When running stateful applications on Kubernetes with Longhorn as the storage provider, a common requirement is the ability to back up the entire application stack including namespaces, ConfigMaps, Secrets, PVCs/PVs. This ensure a quick and reliable restoreation if something goes wrong, even onto a new cluster.

In this guide, we’ll use Velero, a standard, open-source Kubernetes backup solution, to protect applications whose PVCs are backed by Longhorn v2 (Data Engine v2). We’ll also enable a performance optimization using Longhorn v2 linked-clone so Velero’s temporary backup PVC is created almost instantly, reducing backup time.

Longhorn v2 linked-clone feature is introduced in Longhorn v1.10 version. Please see the Github ticket for more details: https://github.com/longhorn/longhorn/issues/7794. In a nutshell, when you clone a new PVC from a PVC using linked-clone mode, there is no data copy and the clone completes instantly.

Setup SUSE Storage (Longhorn)

  1. Create a 3-node Kubernetes cluster.
  2. Install Longhorn and enable the v2 data engine following the Quick Start.
  3. Create a StorageClass for app PVCs (note dataEngine: "v2"):
kind: StorageClass
apiVersion: storage.k8s.io/v1
metadata:
  name: longhorn-v2-data-engine
provisioner: driver.longhorn.io
allowVolumeExpansion: true
reclaimPolicy: Delete
volumeBindingMode: Immediate
parameters:
  numberOfReplicas: "2"
  staleReplicaTimeout: "2880"
  fsType: "ext4"
  dataEngine: "v2"
  1. Install the VolumeSnapshot CRDs and the external snapshot controller if your cluster does not have them. Refer to the
    Longhorn documentation for CSI snapshot support.
  2. Create a VolumeSnapshotClass for Longhorn and label it so Velero picks it up for Longhorn-provisioned PVCs.
    • The label velero.io/csi-volumesnapshot-class: "true" tells Velero to use this as the default VolumeSnapshotClass for any Longhorn volumes during a backup.
    • The parameter type: snap instructs Longhorn to create an in-cluster snapshot, not a Longhorn backup. Velero will handle moving the snapshot data to the S3 bucket later.
kind: VolumeSnapshotClass
apiVersion: snapshot.storage.k8s.io/v1
metadata:
  name: longhorn-snapshot-vsc
  labels:
    velero.io/csi-volumesnapshot-class: "true"
driver: driver.longhorn.io
deletionPolicy: Delete
parameters:
  type: snap

Setup Velero

  1. Download and install the Velero CLI from the official releases page.
  2. We will use AWS S3 bucket as the backup location for Velero.

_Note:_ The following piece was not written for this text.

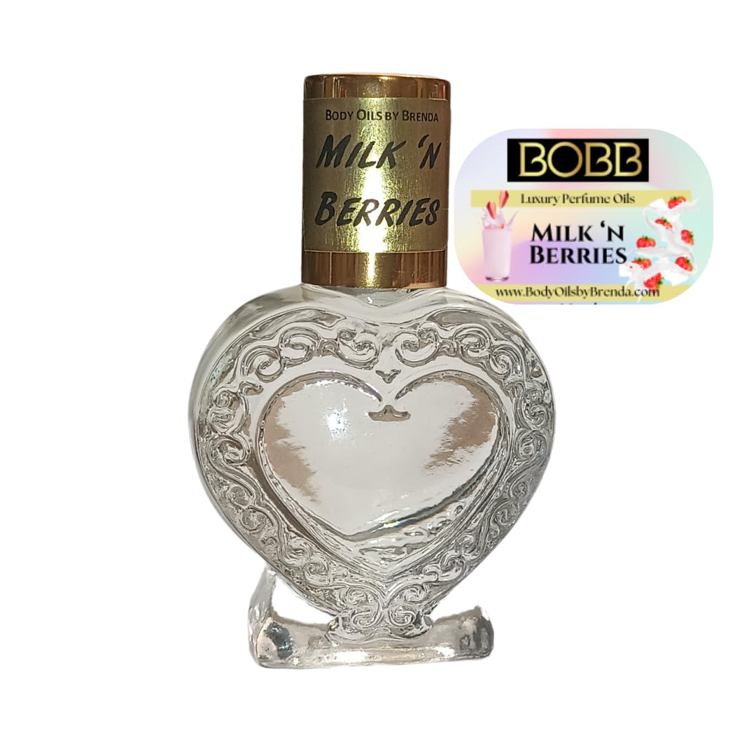 Indulge your senses with this enchanting Milk 'n Berries fragrance oil, presented in an exquisite heart-shaped glass bottle adorned with intricate scrollwork designs. This delightful scent opens with sweet, powdery notes that gracefully intertwine with a fruity strawberry essence, creating a nostalgic reminder of creamy strawberry milk. The sophisticated composition features a subtle lipstick accord that harmoniously blends with the powdery elements, while the milky dry-down adds a comforting touch. The fragrance evolves on the skin, revealing an unexpected spicy undertone that adds complexity to this otherwise sweet and innocent blend. Housed in a romantic collector-worthy bottle, this perfume oil makes for both a beautiful display piece and a charming everyday scent that's sure to garner compliments.

Create an S3 bucket and obtain the access key and secret key. Then create a credentials-velero file:
[default]
aws_access_key_id=<AWS_ACCESS_KEY_ID>
aws_secret_access_key=<AWS_SECRET_ACCESS_KEY>
  1. Create the Velero namespace:
kubectl create ns velero
  1. Create a fast clone StorageClass for Velero’s temporary backup PVC. We’ll use linked-clone with one replica to make the PVC creation nearly instant:
kind: StorageClass
apiVersion: storage.k8s.io/v1
metadata:
  name: velero-backuppvc-longhorn-v2-data-engine
provisioner: driver.longhorn.io
reclaimPolicy: Delete
volumeBindingMode: Immediate
parameters:
  numberOfReplicas: "1"
  staleReplicaTimeout: "2880"
  fsType: "ext4"
  dataEngine: "v2"
  cloneMode: "linked-clone"
  1. Tell the Velero Node Agent to use that StorageClass when it creates the temporary backup PVC:
apiVersion: v1
kind: ConfigMap
metadata:
  name: velero-node-agent-cfg
  namespace: velero
data:
  node-agent-config.json: |
    {
      "backupPVC": {
        "longhorn-v2-data-engine": {
          "storageClass": "velero-backuppvc-longhorn-v2-data-engine"
        }
      }
    }
  1. Install Velero using the CLI. Include the AWS object-store plugin for S3, enable CSI, and turn on the Node Agent (privileged for block-volume access). Also pass the Node Agent ConfigMap:
velero install \
--provider aws \
--plugins velero/velero-plugin-for-aws:v1.12.2 \ # choose a compatible version with the CLI version. Ref https://github.com/vmware-tanzu/velero-plugin-for-aws?tab=readme-ov-file#compatibility
--bucket <BUCKET> \
--backup-location-config region=<REGION> \
--secret-file ./credentials-velero \
--features=EnableCSI \                        # enable CSI integration
--use-node-agent \                            # required for data movement
--privileged-node-agent \                     # needed for block volumes
--node-agent-configmap=velero-node-agent-cfg  # needed for Longhorn linked-clone (fast clone)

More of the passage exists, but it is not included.